# Vape King - New arrivals 22/03/2016



## Stroodlepuff (22/3/16)

http://www.vapeking.co.za/new-arrivals.html

Baal V3 Polished Stainless Steel Clone by Lemaga




Doge V3 Clone Stainless Steel by Lemaga




Zephyr Buddha RDA Clone by Lemaga




Kayfun Mini V3 Clone by Lemaga




Air Force One RDA Splattered Edition Clone By Lemaga




Subzero RDA Stainless Steel Clone by Lemaga




Joyetech Cuboid Silicone Sleeve Black




Diablo RTA Clone by Lemaga Black


----------



## OnePowerfulCorsa (22/3/16)

@Stroodlepuff no UD Balrog replacement coils as yet?


----------



## Stroodlepuff (22/3/16)

OnePowerfulCorsa said:


> @Stroodlepuff no UD Balrog replacement coils as yet?



They arrived in South Africa this morning, customs clearance is pending


----------



## OnePowerfulCorsa (22/3/16)

Awesome, look forward to getting some.

Reactions: Like 1


----------



## shaunnadan (22/3/16)

Stroodlepuff said:


> They arrived in South Africa this morning, customs clearance is pending



how would you rate that tank compared to the ijust2?


----------



## Stroodlepuff (22/3/16)

shaunnadan said:


> how would you rate that tank compared to the ijust2?



Very different, I would rate it as a more MTL tank than the Ijust 2 personally.


----------



## Stroodlepuff (23/3/16)

OnePowerfulCorsa said:


> @Stroodlepuff no UD Balrog replacement coils as yet?

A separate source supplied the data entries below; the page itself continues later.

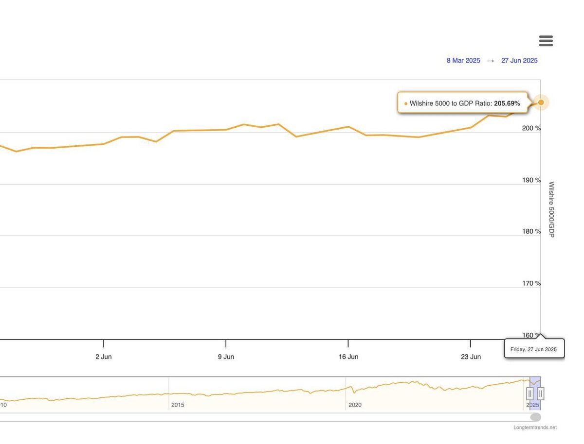 Индекс Баффета снова в зоне «невозможного» — 205.69% На графике — соотношение Wilshire 5000 (вся американская фондовая капитализация) к ВВП США. Этот показатель, известный как Buffett Indicator, часто называют «барометром перегрева рынка». — Текущее значение: 205.69% — Это выше пика 2021 года — Это в 2 раза выше, чем историческая средняя (80–100%) — И это происходит не в момент эйфории, а сразу после сильной коррекции Парадокс? Нет. Это — структура современного рынка. Ключевые причины: 1. Глобальный капитал охотится за доходностью Рынок акций США стал якорем для мировой ликвидности. Даже несмотря на высокие оценки, туда продолжают заходить деньги — особенно от системных фондов (как мы разбирали в прошлых постах). 2. Доля технологических гигантов в капитализации исторически высока Компании с высоким мультипликатором (AI, облака, SaaS) тянут индекс вверх, даже если экономика растёт умеренно. 3. ВВП — запаздывающий показатель, акции — опережающий Фондовый рынок сейчас закладывает в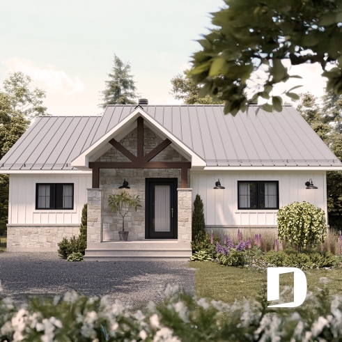 Plan de maison **éco-responsable de style farmhouse avec proposition d'aménagement de sous-sol (optionnel $).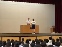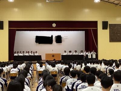 生徒会役員へ立候補した生徒の自己紹介の後、水泳の全国4位、ジュニアオリンピックの3位、吹奏楽コンクールの銀賞、空手の全国5位、バレーボール部の市内5位と個人賞の表彰を行いました。夏の活躍を祝い、そしてこれからの活動の応援もしていきます。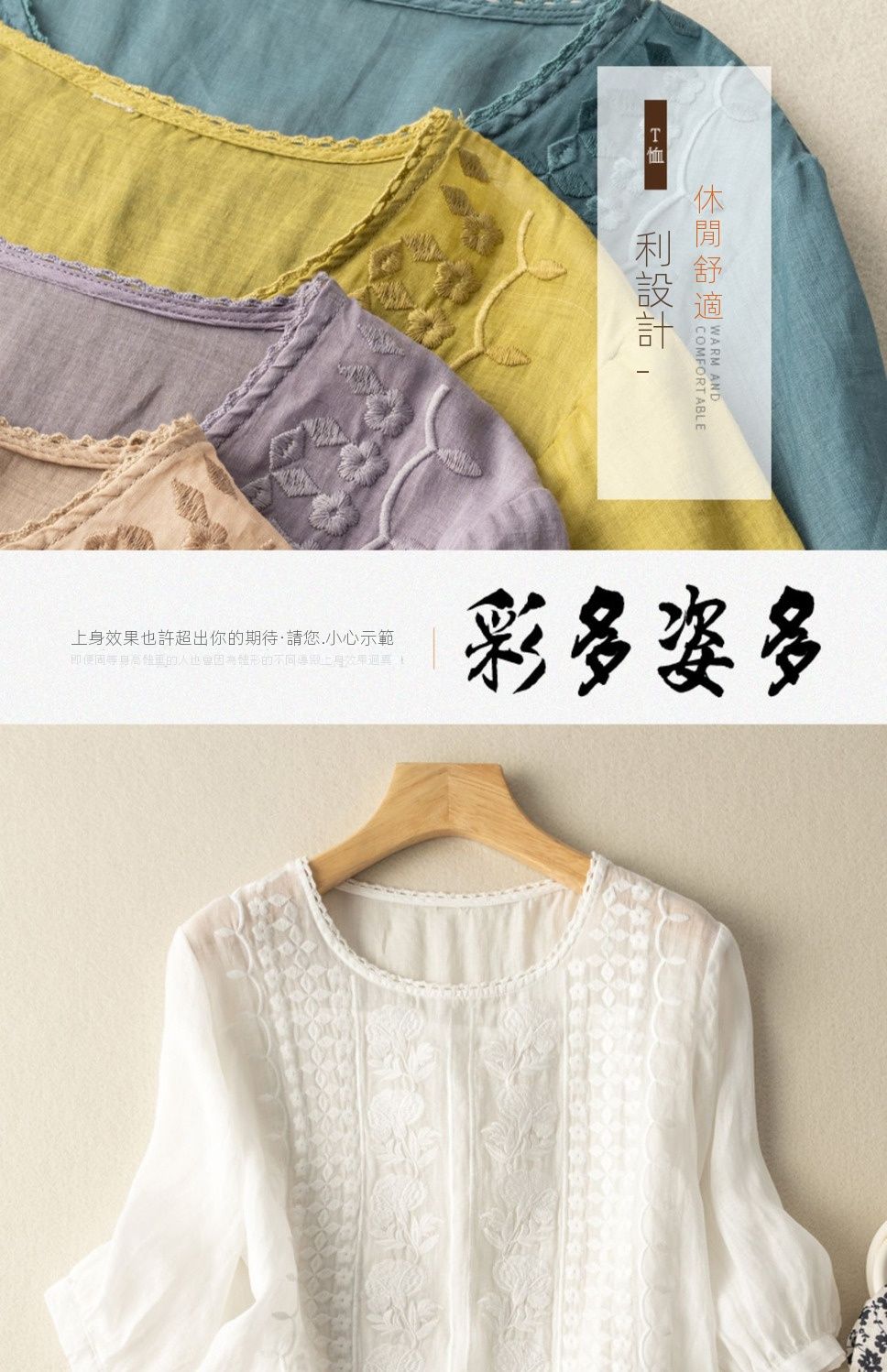 刺繡復古女士中袖上衣【秒殺5件!】【白色】+【藍色】+【紫色】+【黃色】+【卡其色】各一件(每件低至500元)
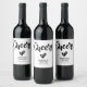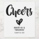 Label your wine in style with a trendy typography wine label. Modern and stylish, this custom design features the text "Cheers" in casual script lettering, a heart doodle, and editable text fields for the couple's names and date in black. Easily personalize this design to match your style by clicking "Customize" to go to the design tool and adding your own custom text or details.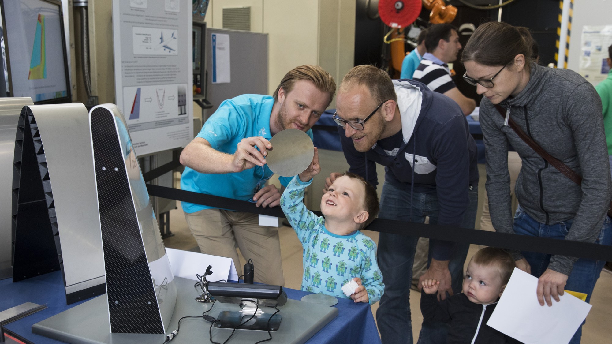 Am Institut für Bauweisen und Strukturtechnologie konnten auch kleine Besucher Hochleistungswerkstoffe unter die Lupe nehmen.

@OnePowerfulCorsa Balrog coils arrived this morning, they will be loaded shortly


----------



## OnePowerfulCorsa (23/3/16)

Stroodlepuff said:


> @OnePowerfulCorsa Balrog coils arrived this morning, they will be loaded shortly


Awesome. Can I get them at the Fourways or Belair branch?


----------



## Stroodlepuff (23/3/16)

OnePowerfulCorsa said:


> Awesome. Can I get them at the Fourways or Belair branch?



Fourways, Bellairs doesnt have yet


----------



## OnePowerfulCorsa (23/3/16)

Stroodlepuff said:


> Fourways, Bellairs doesnt have yet


Thank you kindly. Will pop in this afternoon.


----------



## OnePowerfulCorsa (23/3/16)

Stroodlepuff said:


> Fourways, Bellairs doesnt have yet


Sorted, fetched them now.


----------